La crise haïtienne ne s’est pas développée dans un vide géopolitique. Les États-Unis ont occupé le pays de 1915 à 1934, restructurant son appareil d’État et façonnant une force militaire nationale dont l’évolution marquera durablement la vie politique. En 1914, les réserves d’or haïtiennes furent transférées vers New York par des marines américains, épisode souvent cité comme symbole de dépossession économique. Durant la guerre froide, la stabilité stratégique a parfois primé sur l’exigence démocratique. Plus récemment encore, de grandes orientations économiques et politiques ont été influencées par des décisions prises ou validées à Washington et dans les institutions financières internationales.

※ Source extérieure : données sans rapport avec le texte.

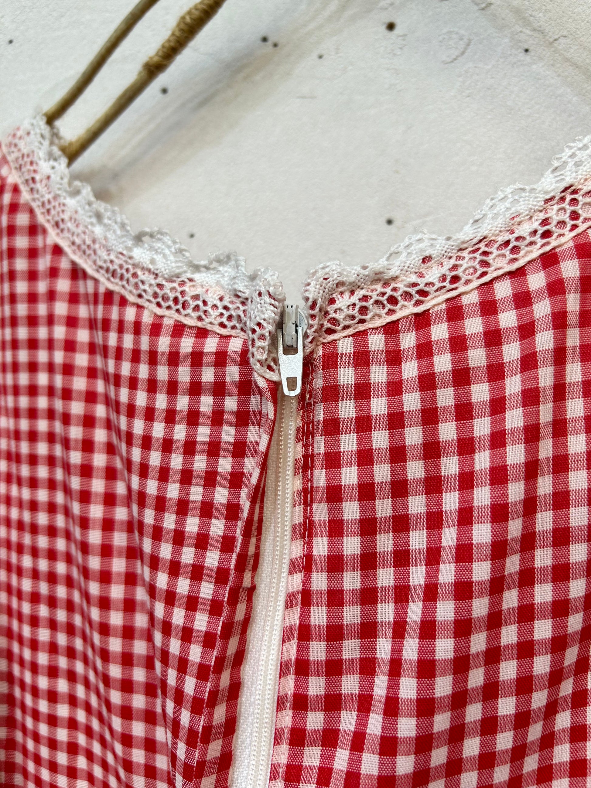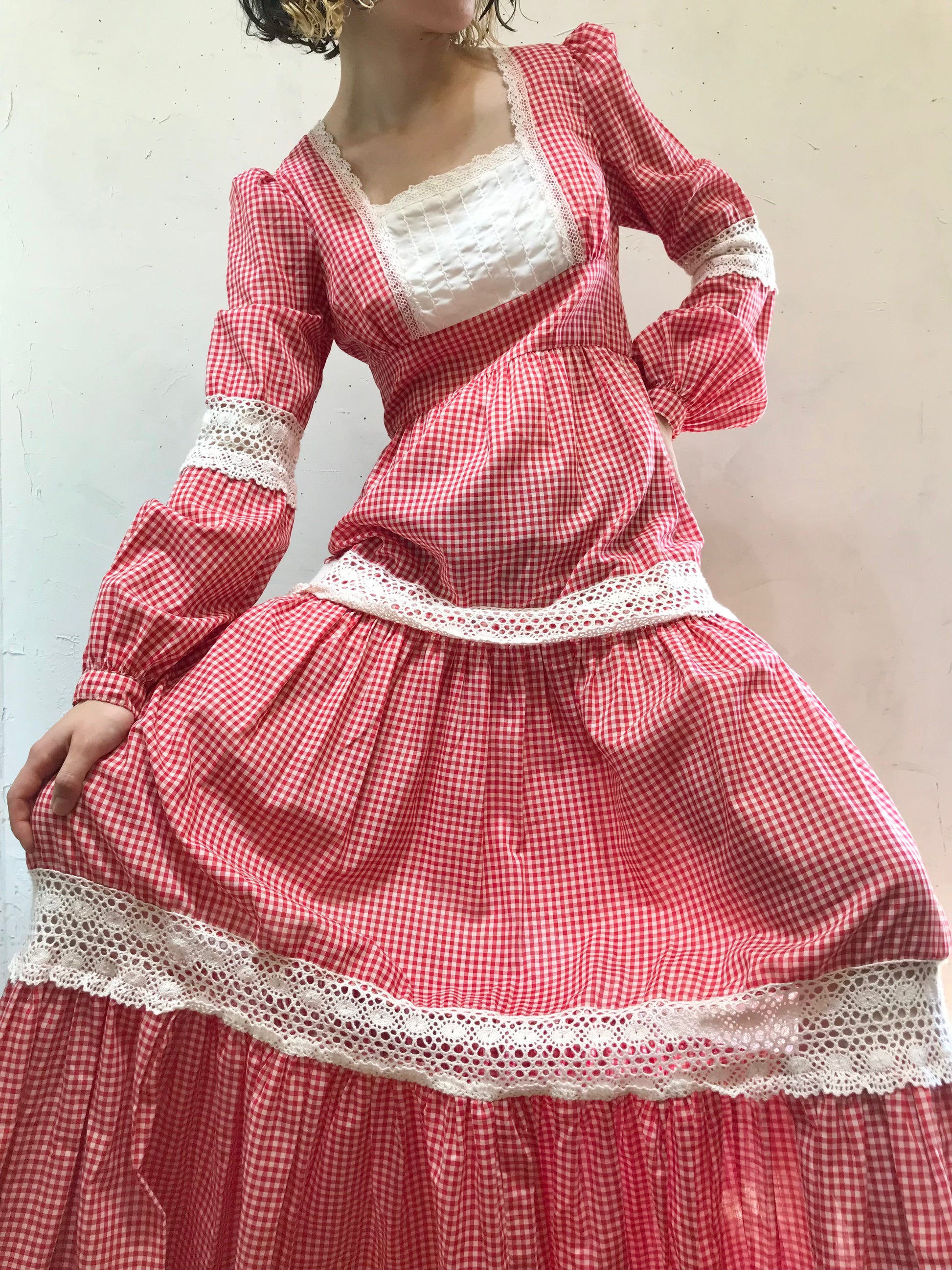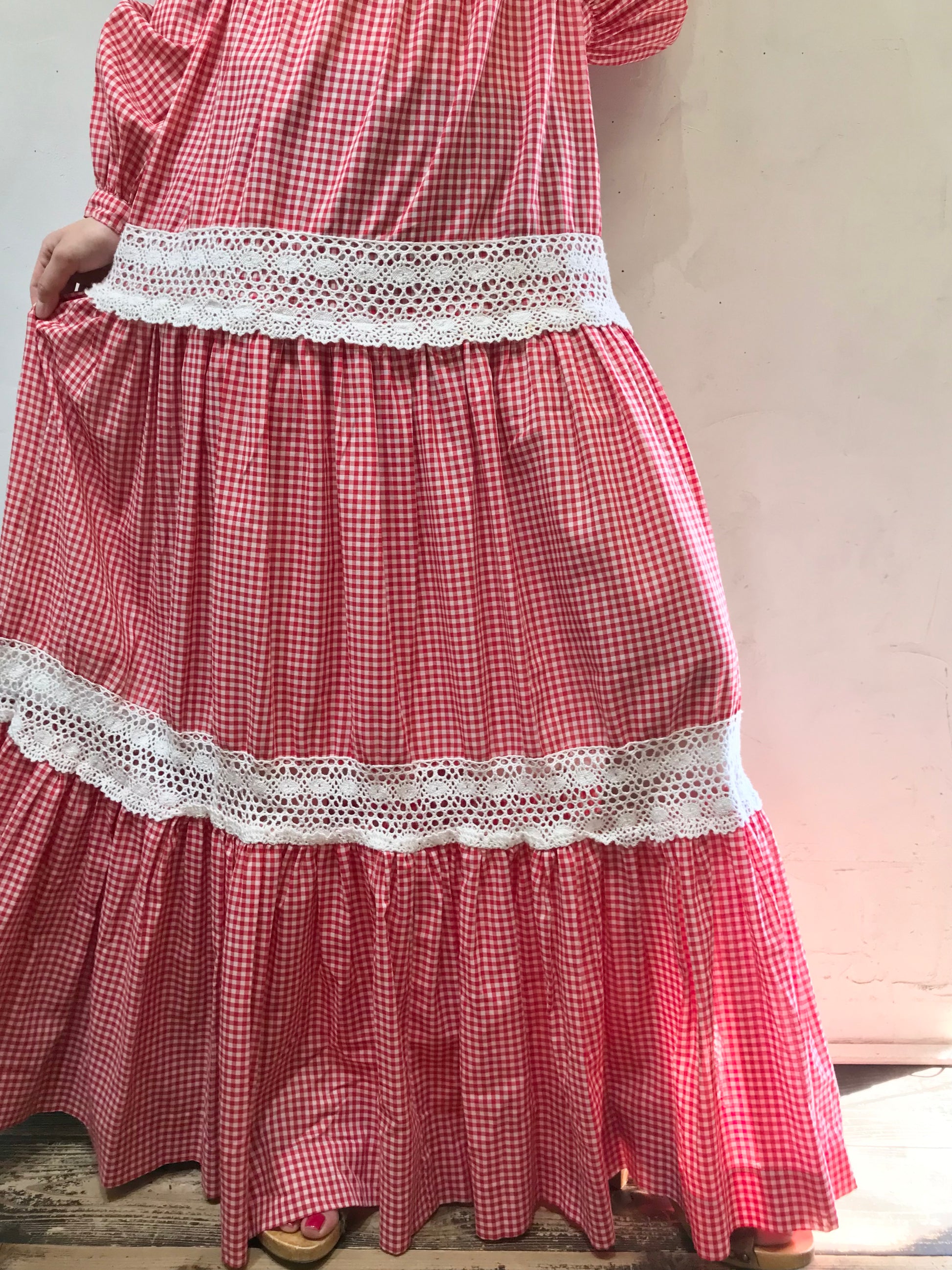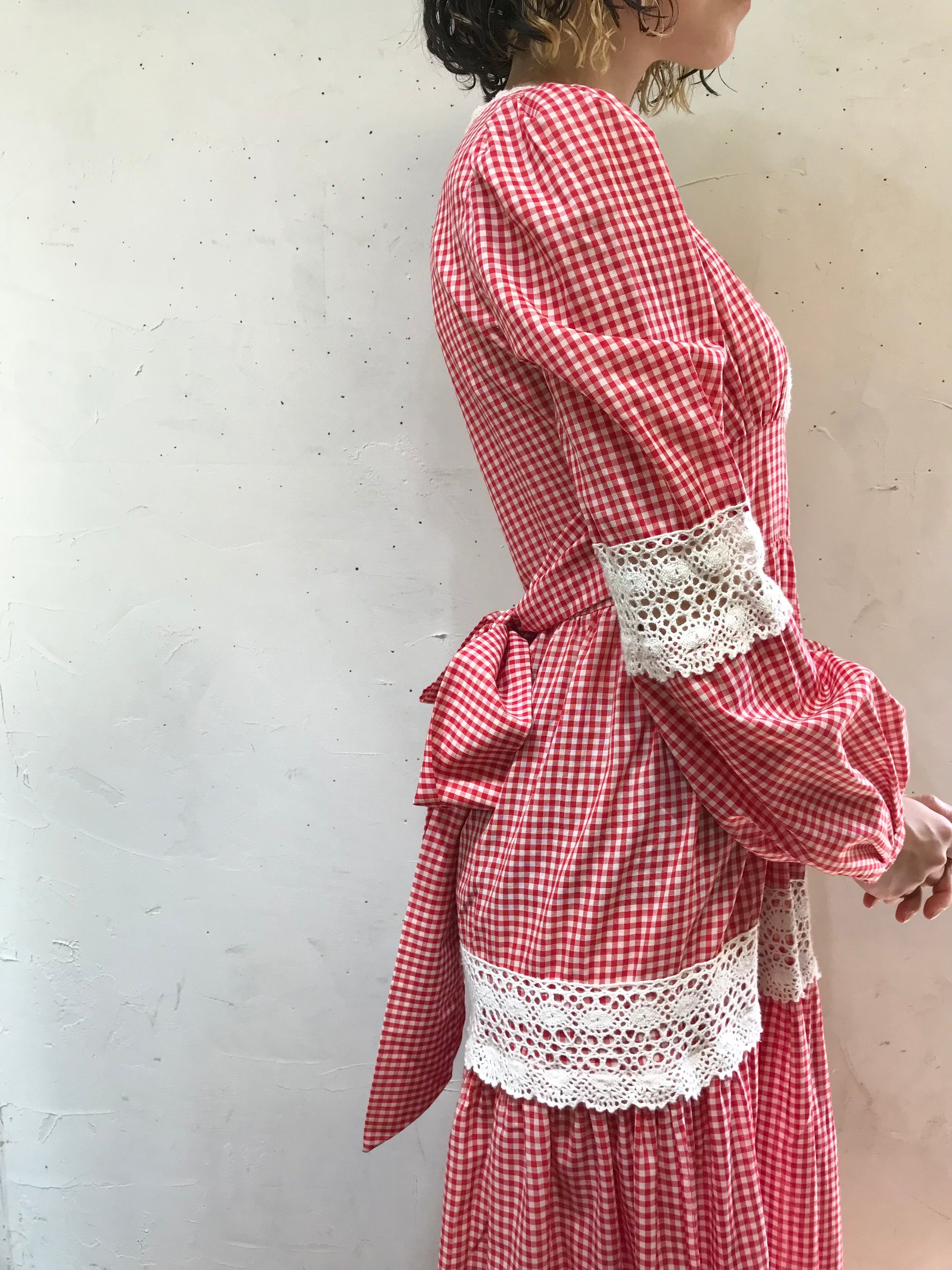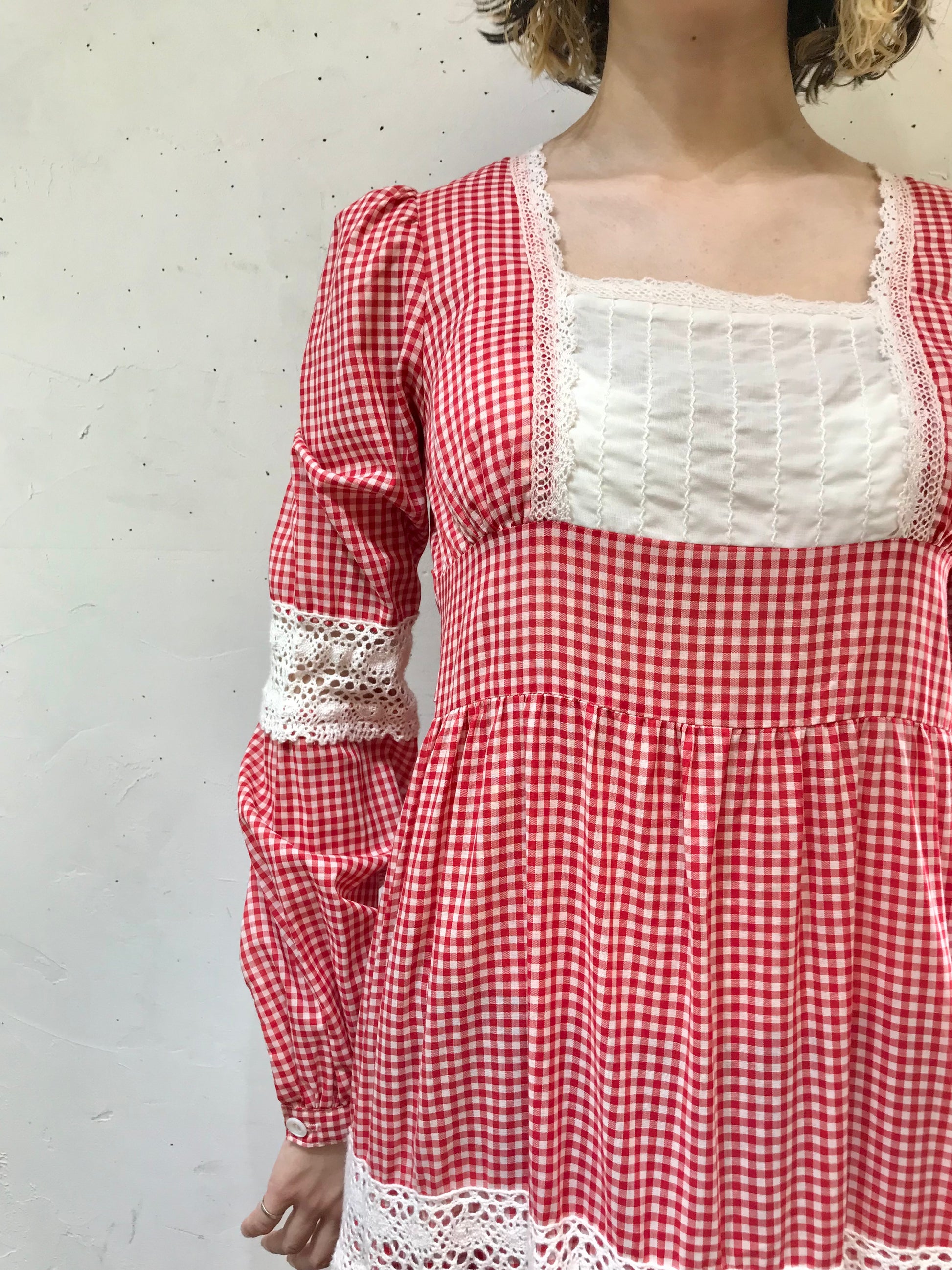 こちらのドレスは、レッド×ホワイトのギンガムチェックパターンを贅沢に使用した一着。

Cela n’absout en rien les élites haïtiennes. Corruption systémique, fragmentation politique, capture de l’État par des intérêts privés et absence de vision nationale ont aggravé la crise. Les gangs armés prospèrent dans un environnement de faiblesse institutionnelle et de collusion locale. Mais la réalité dépasse le récit simpliste d’une incapacité nationale isolée. Les flux d’armes, les circuits financiers illicites et les dynamiques régionales participent aussi à l’écosystème de violence.

Utiliser Haïti comme repoussoir dans un débat international revient ainsi à effacer cette imbrication de responsabilités. La comparaison suggère qu’un territoire devient « Singapour » par de bons choix et « Haïti » par de mauvais. Elle réduit une histoire coloniale, postcoloniale et géopolitique à une morale simplifiée sur la gouvernance. Elle occulte également le paradoxe d’une communauté internationale qui condamne le chaos tout en adoptant des stratégies de gestion reconnaissant, de facto, le pouvoir d’acteurs armés non étatiques.

La crise haïtienne résulte d’un enchevêtrement : responsabilités nationales lourdes, ingérences étrangères répétées, dépendance économique chronique, érosion institutionnelle et instrumentalisation politique interne. Il ne s’agit ni d’un complot unique ni d’une fatalité culturelle, mais d’un système de déséquilibres accumulés.

La question « Will USA make Haiti great? » traduit une illusion dangereuse : celle qu’un salut exogène pourrait remplacer la refondation interne. Aucun partenaire étranger ne peut reconstruire durablement un État sans leadership national cohérent, sans rupture avec la prédation et sans projet collectif partagé.

La comparaison de Mike Huckabee révèle ainsi une asymétrie symbolique persistante. Elle montre comment Haïti demeure, dans certains discours internationaux, un signifiant commode du désastre. Mais elle souligne aussi une vérité plus exigeante : la réponse ne peut être seulement l’indignation. Elle doit être stratégique, fondée sur la reconstruction institutionnelle, l’unité nationale et l’affirmation d’une souveraineté assumée.

Haïti n’est pas une métaphore. C’est un pays réel, traversé par des crises, mais porteur d’une histoire de résistance et d’émancipation. La réduire à une image diplomatique, c’est ignorer la complexité d’un peuple qui ne demande ni slogan ni pitié, mais respect et cohérence dans les relations internationales.